§ Exercise: The records should be repeated word for word, pictures excluded.

Working data: Begin

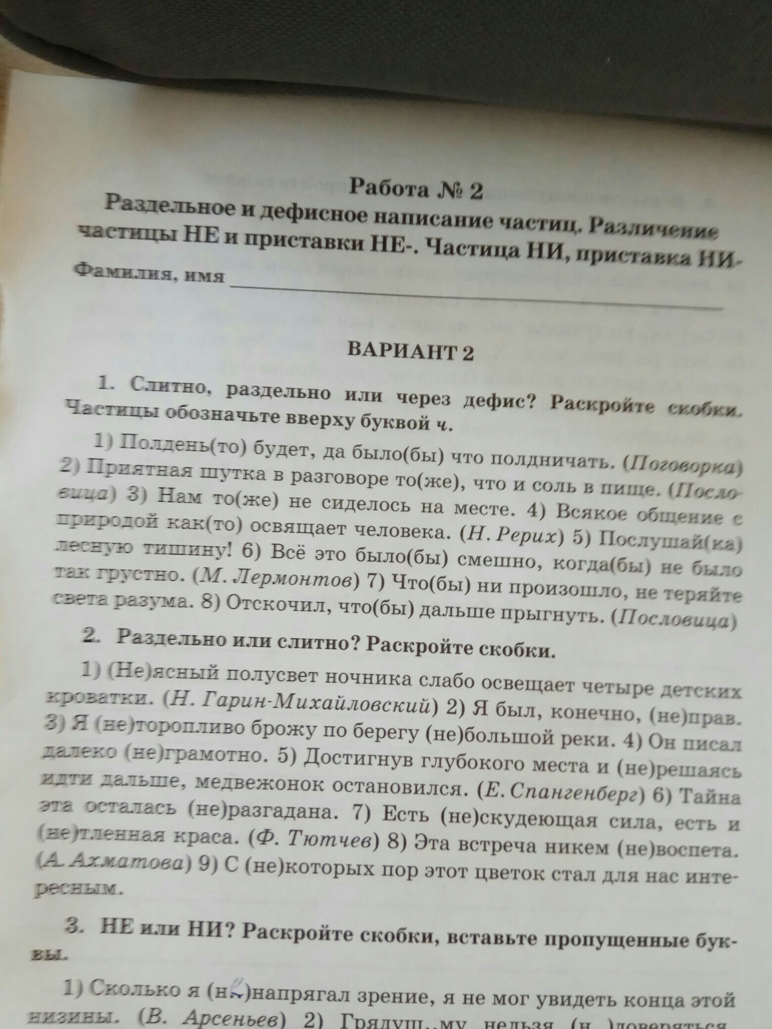 задание 1. 1.Полдень то, было бы. 2. то же. 3. тоже. 4. как-то. 5. Послушай-ка. 6. было бы, когда бы. 7. Что бы. 8. Чтобы.
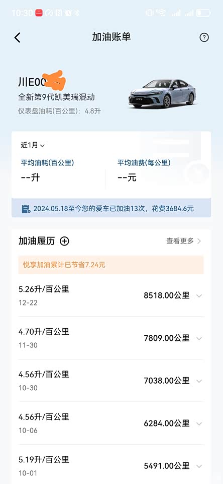 平常用车,油耗基本是一个月加一次,一箱油270左右,850公里左右。
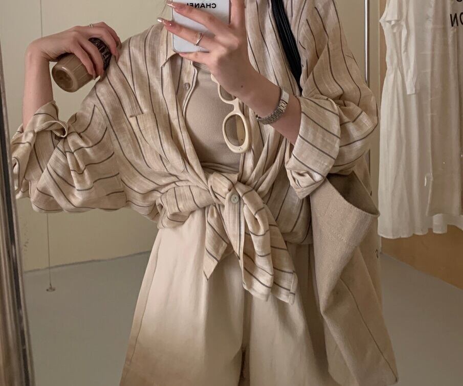 ストライプ柄 長袖 ルーズ シャツ レディース トップス 羽織 丈長 ミディアム 長袖 ドロップショルダー 襟付き 角襟 ポロカラー ポケット 前開き ボタン かわいい 大人可愛い シンプル カジュアル おしゃれ レトロ こなれ感 ルーズ 存在感 ストライプ 春 夏 秋 ママ 通勤 学生 学校 通学 デート お出かけ 旅行 公園 女子会 休日 ショッピング カフェ 重ね着 体型カバー 普段使い 着回し レイヤード 紫外線対策 UV対策 ゆったり フリーサイズ カーキ
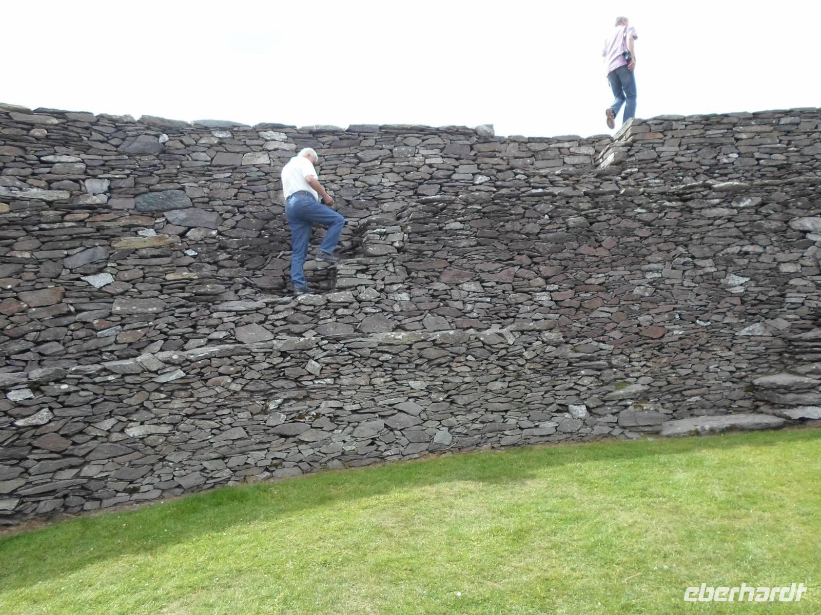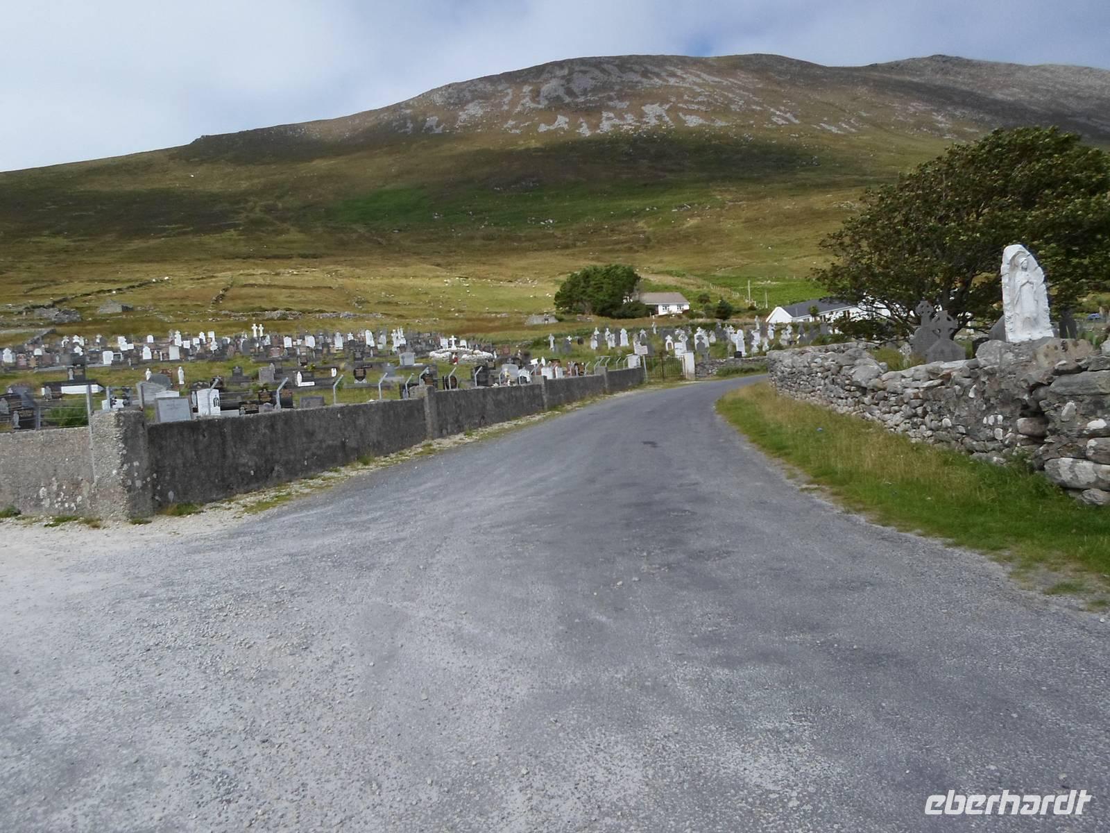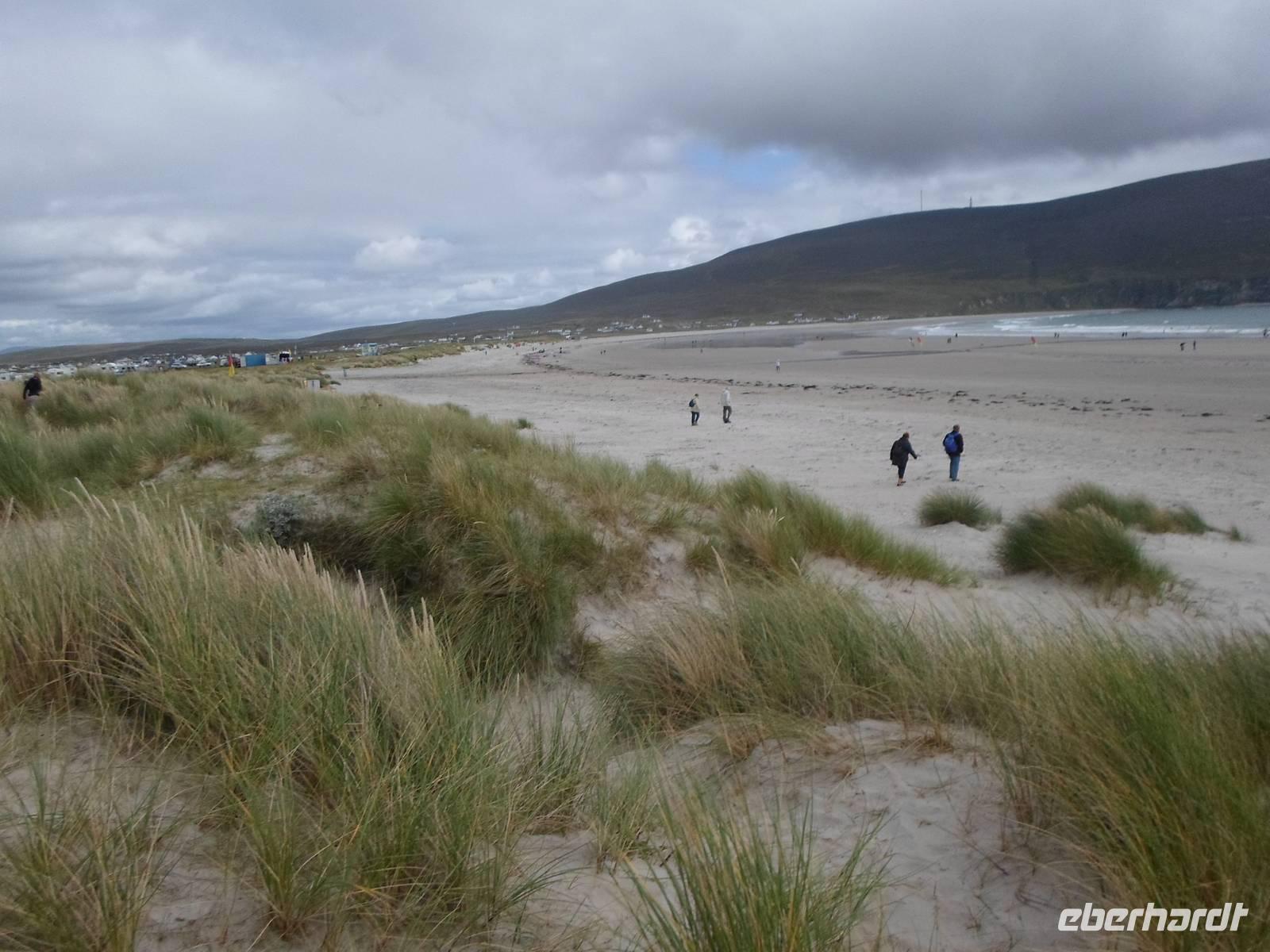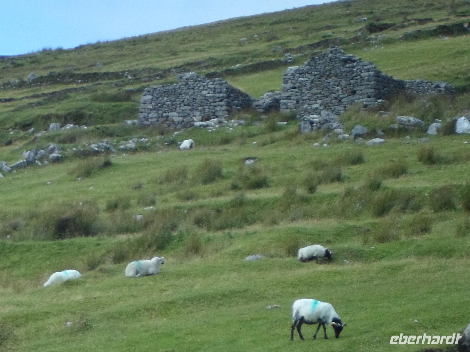 Heute werden wir die Grafschaft Mayo erkunden. Zuerst fahren wir zur kleinen Stadt Killala mit ihrem Rundturm und dem herrlichen Blick auf die Killala Bay. Wild und romantisch erscheint uns die Natur hier. Etwas später besuchen wir die Ausgrabungsstätten in den Céide Fields, wo eine 5000 Jahre alte Bauernsiedlung von dem Leben der Menschen jener Zeit erzählt. Schließlich fahren wir zur größten irischen Insel, Achill Island. Hier finden wir in Doogart das Ferienhaus von Heinrich Böll, das jetzt von Künstlern genutzt wird. Dann laufen wir durch das „Deserted Village" mit seinen 70 verlassenen Häusern, die verfallen am Berghang stehen und vor diesen ahnen wir noch die für den Anbau von Kartoffeln genutzten Flächen. Viele Missernten führten im 19. Jahrhundert zur Hungersnot und zum Verlassen der Häuser. In welcher Not müssen diese Menschen gewesen sein, dass sie mit den Familien ihr Zuhause zurücklassen mussten? Jetzt wollten wir eigentlich am Strand von Keel schwimmen gehen, aber es ist zu kalt. Nur ein ganz mutiger Mann wagt sich mit den Füßen ins Wasser. Wir verlassen Keel und es geht zurück zu unserem Hotel in Ballina. Dort beenden wir diesen schönen Tag bei einem Glas Guinness.
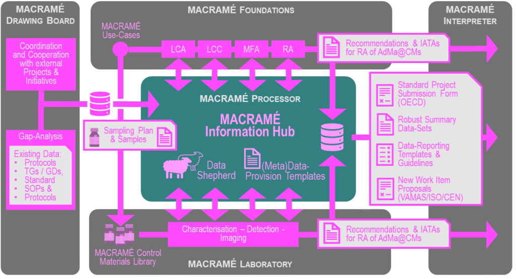 In the paper entitled ‘MACRAMÉ – Advanced characterisation methodologies to assess and predict the health and environmental risks of advanced materials‘, the authors describe the planned information-flow between the different R&I activities conducted in the Project (see Figure 1).
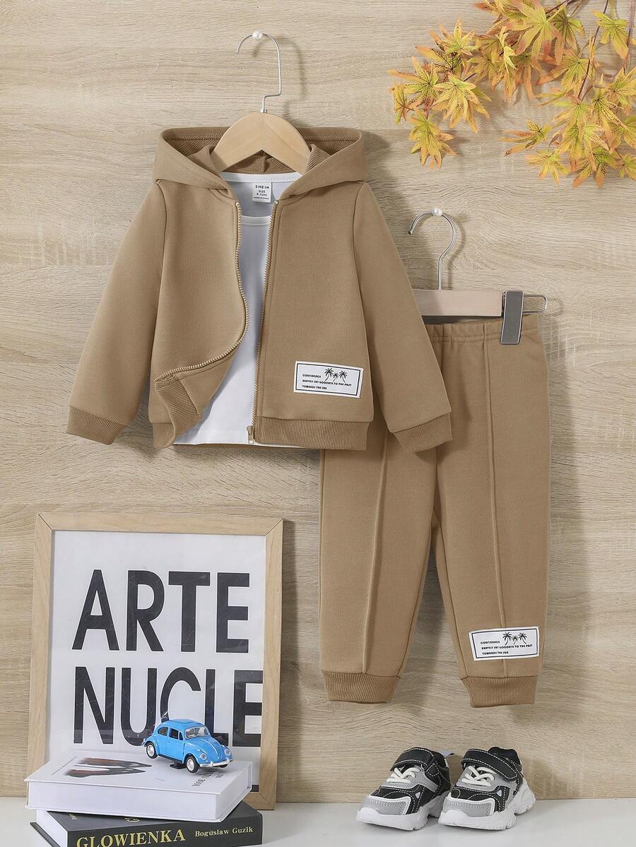 SHEIN Baby Boy Letter Patched Detail Hooded Sweatshirt & Sweatpants Without Tee
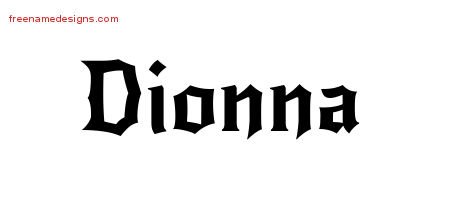 This free name graphic with gothic lettering is printed with the custom name Dionna.
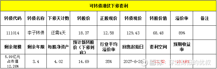 这次距离满足下修条件,还剩7天,现在的转股溢价率是22%,如果接下来的交易日里,满足下修条件的话,预计新转股价能下修到18.25元/股,下修后的转股溢价率预计能在20%,毕竟还有3.44年的期权价值。
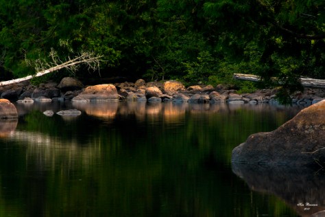 I continued walking upstream and I noticed some unique lighting ahead of me that you see in the photo above.The problem was that the background was very dark and the right shoreline was brightly lit.I set up the camera and tripod and created the composition you see above.I set the exposure for the sandbar and took a photo and then I took a exposure on the background and took a photo at that setting.This allowed me to bring both photos into Photoshop and achieve what I was looking for.

Working data: End

§ Result below:
 задание 1. 1.Полдень то, было бы. 2. то же. 3. тоже. 4. как-то. 5. Послушай-ка. 6. было бы, когда бы. 7. Что бы. 8. Чтобы.
 平常用车,油耗基本是一个月加一次,一箱油270左右,850公里左右。
 ストライプ柄 長袖 ルーズ シャツ レディース トップス 羽織 丈長 ミディアム 長袖 ドロップショルダー 襟付き 角襟 ポロカラー ポケット 前開き ボタン かわいい 大人可愛い シンプル カジュアル おしゃれ レトロ こなれ感 ルーズ 存在感 ストライプ 春 夏 秋 ママ 通勤 学生 学校 通学 デート お出かけ 旅行 公園 女子会 休日 ショッピング カフェ 重ね着 体型カバー 普段使い 着回し レイヤード 紫外線対策 UV対策 ゆったり フリーサイズ カーキ
 Heute werden wir die Grafschaft Mayo erkunden. Zuerst fahren wir zur kleinen Stadt Killala mit ihrem Rundturm und dem herrlichen Blick auf die Killala Bay. Wild und romantisch erscheint uns die Natur hier. Etwas später besuchen wir die Ausgrabungsstätten in den Céide Fields, wo eine 5000 Jahre alte Bauernsiedlung von dem Leben der Menschen jener Zeit erzählt. Schließlich fahren wir zur größten irischen Insel, Achill Island. Hier finden wir in Doogart das Ferienhaus von Heinrich Böll, das jetzt von Künstlern genutzt wird. Dann laufen wir durch das „Deserted Village" mit seinen 70 verlassenen Häusern, die verfallen am Berghang stehen und vor diesen ahnen wir noch die für den Anbau von Kartoffeln genutzten Flächen. Viele Missernten führten im 19. Jahrhundert zur Hungersnot und zum Verlassen der Häuser. In welcher Not müssen diese Menschen gewesen sein, dass sie mit den Familien ihr Zuhause zurücklassen mussten? Jetzt wollten wir eigentlich am Strand von Keel schwimmen gehen, aber es ist zu kalt. Nur ein ganz mutiger Mann wagt sich mit den Füßen ins Wasser. Wir verlassen Keel und es geht zurück zu unserem Hotel in Ballina. Dort beenden wir diesen schönen Tag bei einem Glas Guinness.
 In the paper entitled ‘MACRAMÉ – Advanced characterisation methodologies to assess and predict the health and environmental risks of advanced materials‘, the authors describe the planned information-flow between the different R&I activities conducted in the Project (see Figure 1).
 SHEIN Baby Boy Letter Patched Detail Hooded Sweatshirt & Sweatpants Without Tee
 This free name graphic with gothic lettering is printed with the custom name Dionna.
 这次距离满足下修条件,还剩7天,现在的转股溢价率是22%,如果接下来的交易日里,满足下修条件的话,预计新转股价能下修到18.25元/股,下修后的转股溢价率预计能在20%,毕竟还有3.44年的期权价值。
 I continued walking upstream and I noticed some unique lighting ahead of me that you see in the photo above.The problem was that the background was very dark and the right shoreline was brightly lit.I set up the camera and tripod and created the composition you see above.I set the exposure for the sandbar and took a photo and then I took a exposure on the background and took a photo at that setting.This allowed me to bring both photos into Photoshop and achieve what I was looking for.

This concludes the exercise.